Billy Watkins

Personal information
- Full name: William Watkins
- Born: c. 1910
- Died: January 1972 (aged 61)

Playing information

Rugby union
Club
| Years | Team | Pld | T | G | FG | P |
|  | Cross Keys RFC |  |  |  |  |  |

Rugby league
- Position: Scrum-half
Club
| Years | Team | Pld | T | G | FG | P |
| 1931–46 | Salford | 435 | 14 | 0 | 0 | 42 |
| 1940–41 | →Oldham RLFC (guest) | 1 | 0 | 1 | 0 | 2 |
| 1946–48 | Belle Vue Rangers |  |  |  |  |  |
|  | Total | 436 | 14 | 1 | 0 | 44 |
Representative
| Years | Team | Pld | T | G | FG | P |
| 1932–36 | Wales | 6 | 0 | 0 | 0 | 0 |
| 1933–37 | Great Britain | 1 | 0 | 0 | 0 | 0 |
- Source:

= Billy Watkins (rugby, born c. 1910) =

British international rugby league footballer (1910–1972)

William Watkins (c. 1910 – January 1972) was a Welsh rugby union, and professional rugby league footballer who played in the 1930s and 1940s. He played club level rugby union (RU) for Cross Keys RFC, and representative level rugby league (RL) for Great Britain and Wales, and at club level for Salford and wartime-guest at Oldham RLFC, as a .

==Playing career==
===Salford===
Watkins played in the 10–8 victory over Swinton in the 1931 Lancashire Cup Final during the 1931–32 season at The Cliff, Broughton, Salford on Saturday 21 November 1931.

Watkins played in Salford's 3–15 defeat by Wigan in the Championship Final during the 1933–34 season at Wilderspool Stadium, Warrington on Saturday 28 April 1934.

Watkins was one of the players who successfully toured in France with Salford in 1934, during which the Salford team earned the name "Les Diables Rouges", the seventeen players were; Joe Bradbury, Bob Brown, Aubrey Casewell, Paddy Dalton, Bert Day, Cliff Evans, Jack Feetham, George Harris, Barney Hudson, Emlyn Jenkins, Alf Middleton, Sammy Miller, Harold Osbaldestin, Les Pearson, Gus Risman, Billy Watkins and Billy Williams.

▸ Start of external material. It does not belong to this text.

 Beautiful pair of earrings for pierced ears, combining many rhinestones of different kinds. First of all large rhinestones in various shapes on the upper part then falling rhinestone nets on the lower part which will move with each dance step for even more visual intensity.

He played in the 21–12 victory over Wigan in the 1934 Lancashire Cup Final during the 1934–35 season at Station Road, Swinton on Saturday 20 October 1934, the 15–7 victory over Wigan in the 1935 Lancashire Cup Final during the 1935–36 season at Wilderspool Stadium, Warrington on Saturday 19 October 1935 and the 5–2 victory over Wigan in the 1936 Lancashire Cup Final during the 1936–37 season at Wilderspool Stadium, Warrington.

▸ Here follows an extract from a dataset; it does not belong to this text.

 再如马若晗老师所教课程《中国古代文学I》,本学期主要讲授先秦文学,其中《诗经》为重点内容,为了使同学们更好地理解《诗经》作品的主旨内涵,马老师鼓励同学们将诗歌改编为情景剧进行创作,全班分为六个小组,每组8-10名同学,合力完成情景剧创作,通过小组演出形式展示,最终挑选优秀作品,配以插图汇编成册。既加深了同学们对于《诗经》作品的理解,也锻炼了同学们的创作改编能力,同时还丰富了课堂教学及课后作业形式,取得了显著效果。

Watkins played in Salford's 7–4 victory over Barrow in the 1938 Challenge Cup Final during the 1937–38 season at Wembley Stadium, London, in front of a crowd of 51,243.

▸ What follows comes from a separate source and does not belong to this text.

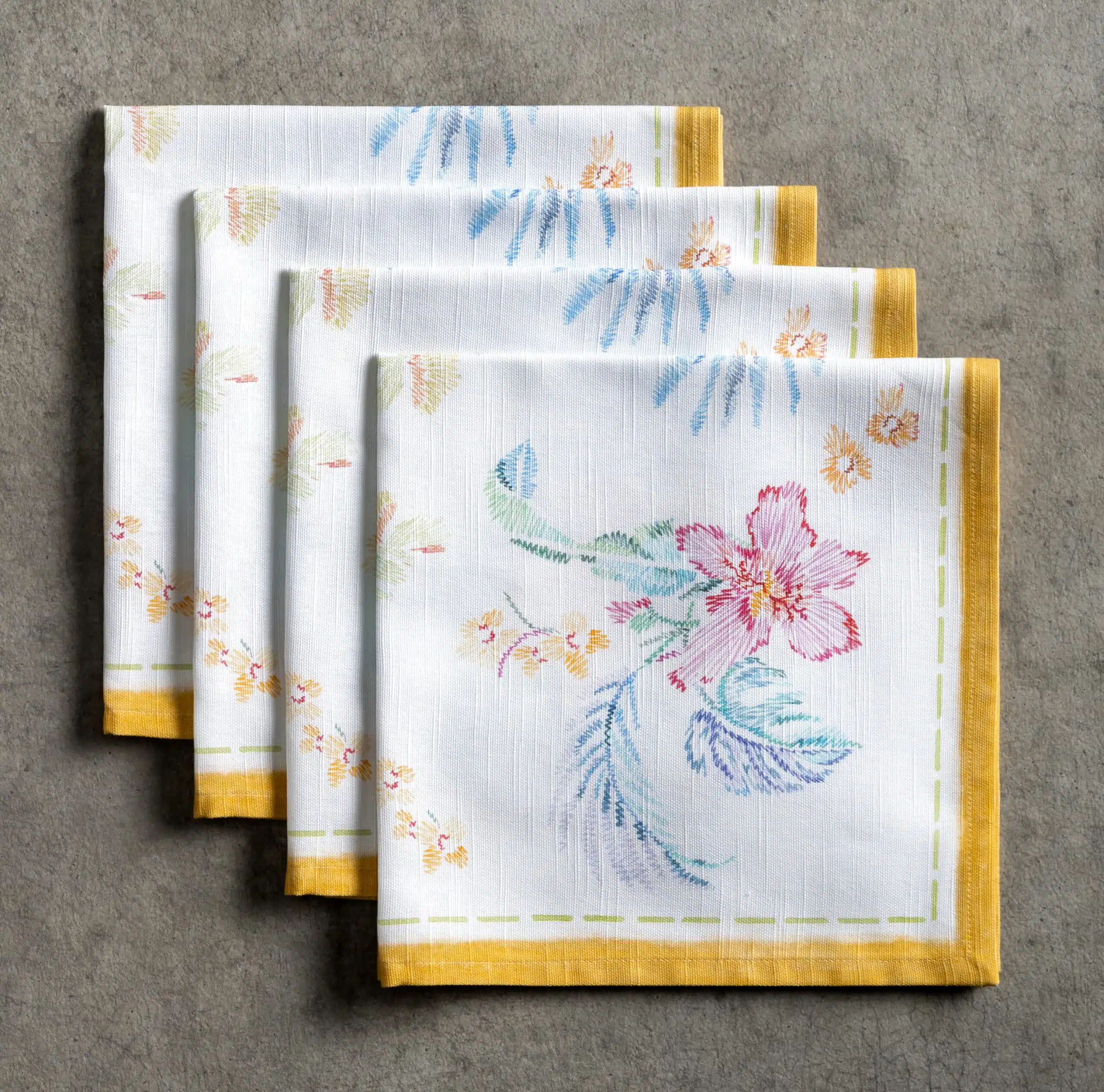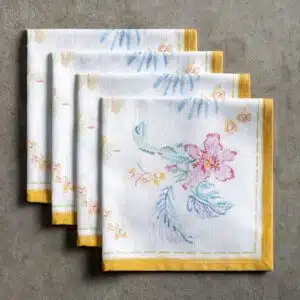 • Package Includes: Set of 4 Napkins sized 20″x20″. The napkins will certainly Bring lovely charm to your dining experience. Made with 100% Cotton fabric these dinner napkins are soft cloth napkins which provide a light but cozy feel to your dining table. Our products are Designed in Europe and Made in India.

Watkins played in the 7–10 defeat by Wigan in the 1938 Lancashire Cup Final during the 1938–39 season at Station Road, Swinton on Saturday 22 October 1938.

===Belle Vue Rangers===
Watkins signed for Belle Vue Rangers in August 1946.

===International honours===
Watkins won caps for Wales (RL) while at Salford in 1932–1936 6-caps, and won caps for Great Britain (RL) while at Salford in 1933 against Australia, in 1936 against Australia (2 matches), New Zealand (2 matches), and in 1937 against Australia (2 matches).

==Family==
Billy Watkins was the father of; Huw Watkins, Gareth Watkins and Haydn Watkins, and the grandfather of the cricketer, Ryan Watkins.